EXERCISE INSTRUCTIONS> Line by line, repeat the material below exactly and skip the images.

GIVEN DATA>
···

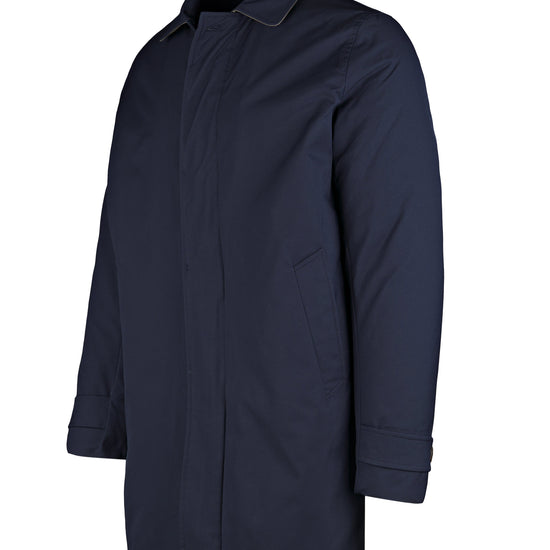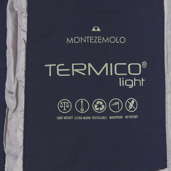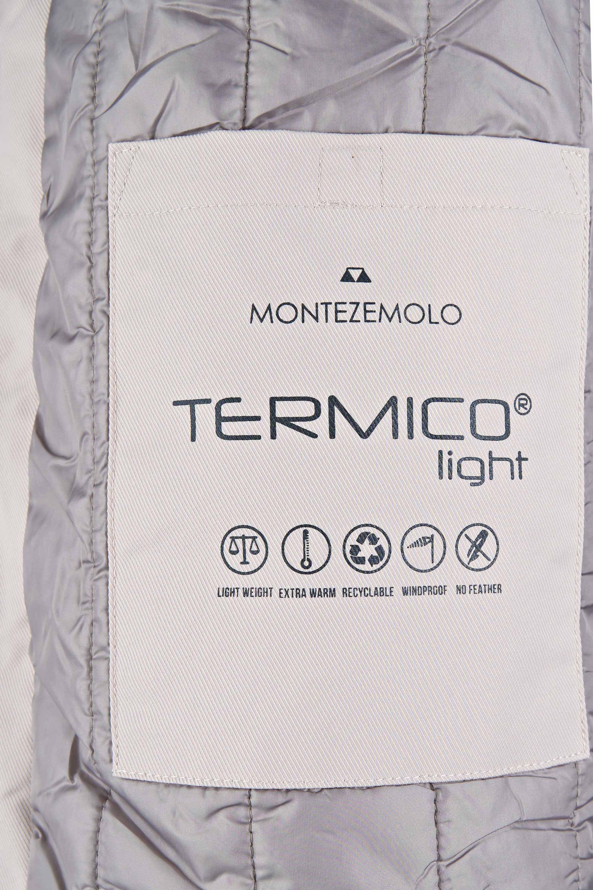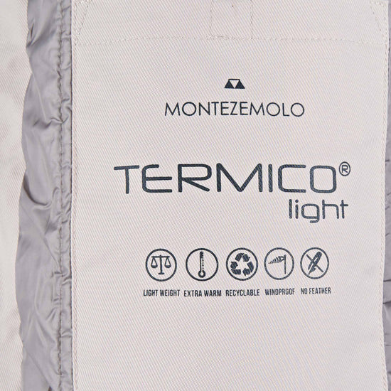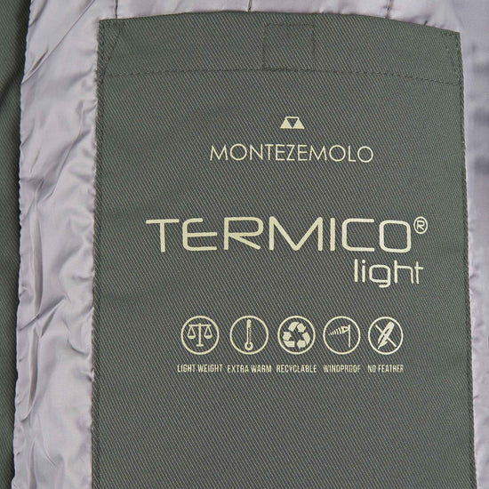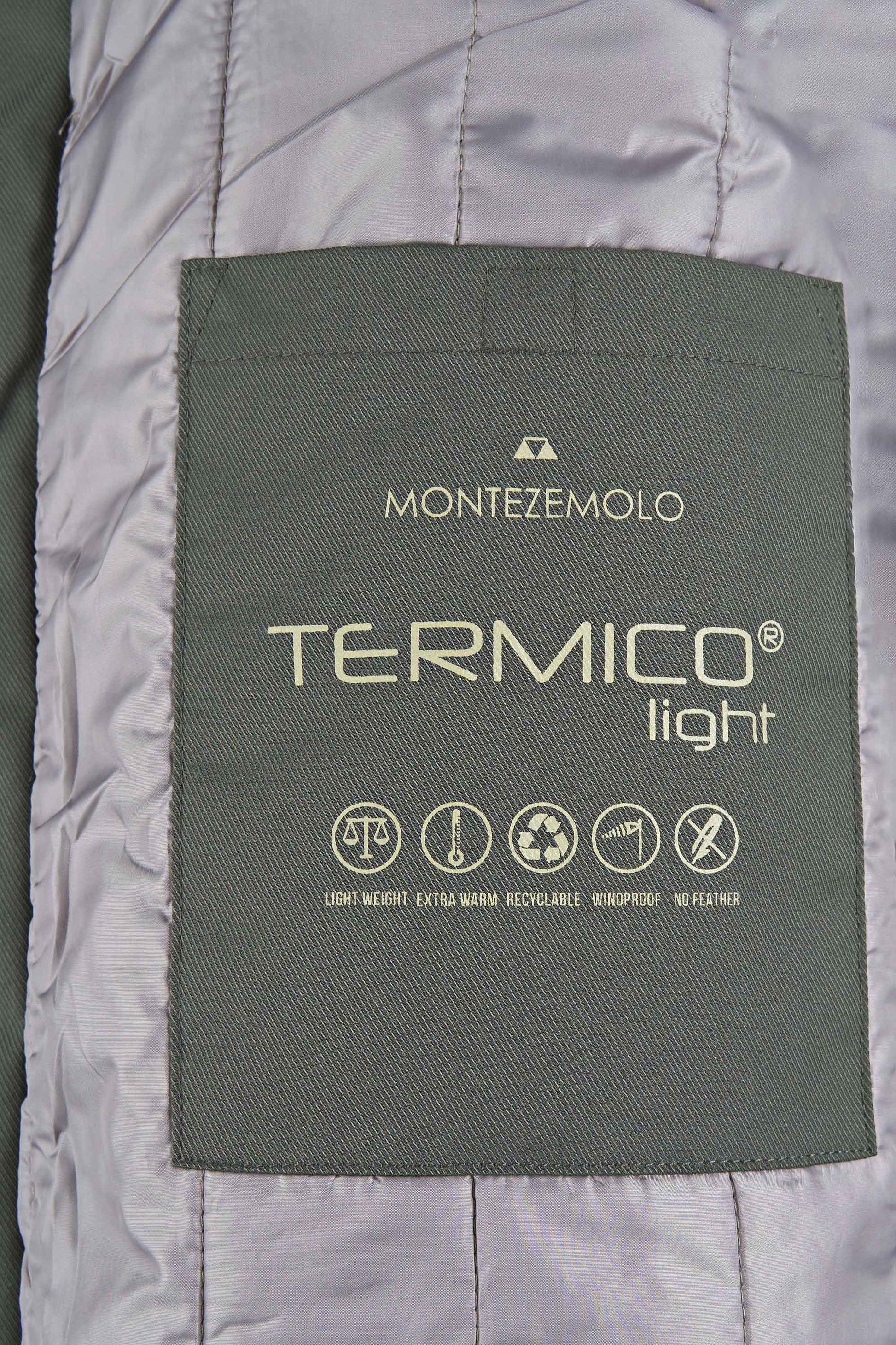 Water-repellent, windproof technical shell; TERMICO® Light insulation: lightweight, extra-warm, recyclable and down-free; dual closure: inner full-zip + concealed snap placket; shirt collar; angled welt pockets; adjustable cuff tabs with button; mid-thigh length; fully lined interior.
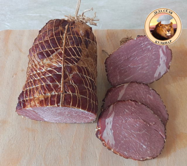 Ингредиенты: 1. Шея свиная 1000 г; 2. Вода 380 мл; 3. Соль нитритная 13 г; 4. Соль поваренная 15 г; 5. Сахар 1,5 г; 6. Перец чёрный молотый 2 г; 7. Чеснок свежий измельченный 15 г. Приготовление: 1. В воде растворяем сахар, соль поваренную и соль нитритную. Сырьё шприцуем полученным рассолом (50 мл). Нашприцованное сырьё укладывают в ёмкость, добавляем перец и чеснок, заливаем оставшимся рассолом. 2. Ёмкость со свиной шеей отправляем в холодильник на 2–3 суток при температуре 2°С-4°С для засола. 3. Посоленное сырьё промываем под прохладной водой, укладываем в формовочную сетку и вывешиваем при температуре 2°С-4°Сна 4-6 часов, для подсыхание. 4. Подсохшею свиную шею коптим при 30°С-50°С в течении 6-8 часов. 5. Копчёный продукт варим при температуре 75°С-85°С до достижен
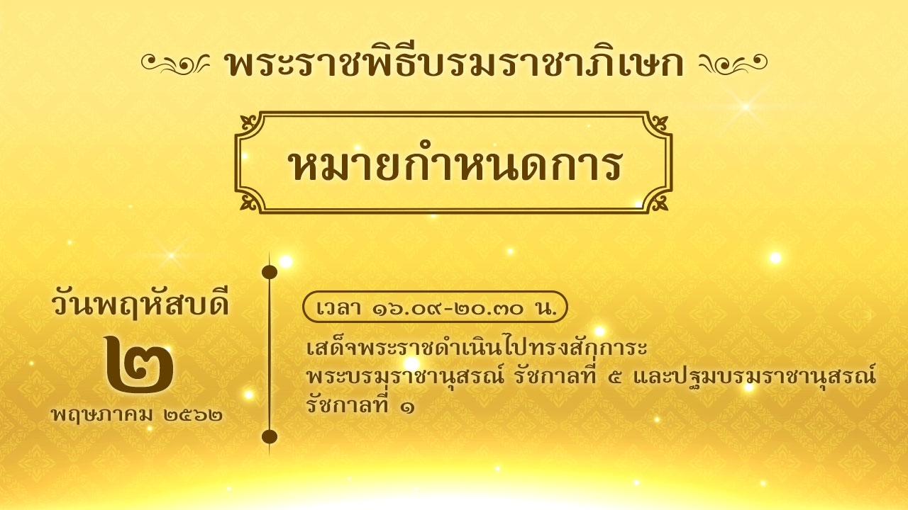 สำหรับพระราชพิธีบรมราชาภิเษก สมเด็จพระเจ้าอยู่หัวมหาวชิราลงกรณ บดินทรเทพยวรางกูร ในวันที่ 4-6 พ.ค.2562 จะเป็นครั้งที่ 12 ซึ่งคนไทยจะได้เห็น และมีส่วนร่วมบันทึกประวัติศาสตร์ไทย ในพระราชพิธีบรมราชาภิเษกครั้งนี้ ที่ห่างหายมา 69 ปี หลังจากพระราชพิธีบรมราชาภิเษก พระบาทสมเด็จพระปรมินทรมหาภูมิพลอดุลยเดช บรมนาถบพิตร เมื่อวันที่ 5 พฤษภาคม 2493

···

RESULT OF THIS TASK>
 Water-repellent, windproof technical shell; TERMICO® Light insulation: lightweight, extra-warm, recyclable and down-free; dual closure: inner full-zip + concealed snap placket; shirt collar; angled welt pockets; adjustable cuff tabs with button; mid-thigh length; fully lined interior.
 Ингредиенты: 1. Шея свиная 1000 г; 2. Вода 380 мл; 3. Соль нитритная 13 г; 4. Соль поваренная 15 г; 5. Сахар 1,5 г; 6. Перец чёрный молотый 2 г; 7. Чеснок свежий измельченный 15 г. Приготовление: 1. В воде растворяем сахар, соль поваренную и соль нитритную. Сырьё шприцуем полученным рассолом (50 мл). Нашприцованное сырьё укладывают в ёмкость, добавляем перец и чеснок, заливаем оставшимся рассолом. 2. Ёмкость со свиной шеей отправляем в холодильник на 2–3 суток при температуре 2°С-4°С для засола. 3. Посоленное сырьё промываем под прохладной водой, укладываем в формовочную сетку и вывешиваем при температуре 2°С-4°Сна 4-6 часов, для подсыхание. 4. Подсохшею свиную шею коптим при 30°С-50°С в течении 6-8 часов. 5. Копчёный продукт варим при температуре 75°С-85°С до достижен
 สำหรับพระราชพิธีบรมราชาภิเษก สมเด็จพระเจ้าอยู่หัวมหาวชิราลงกรณ บดินทรเทพยวรางกูร ในวันที่ 4-6 พ.ค.2562 จะเป็นครั้งที่ 12 ซึ่งคนไทยจะได้เห็น และมีส่วนร่วมบันทึกประวัติศาสตร์ไทย ในพระราชพิธีบรมราชาภิเษกครั้งนี้ ที่ห่างหายมา 69 ปี หลังจากพระราชพิธีบรมราชาภิเษก พระบาทสมเด็จพระปรมินทรมหาภูมิพลอดุลยเดช บรมนาถบพิตร เมื่อวันที่ 5 พฤษภาคม 2493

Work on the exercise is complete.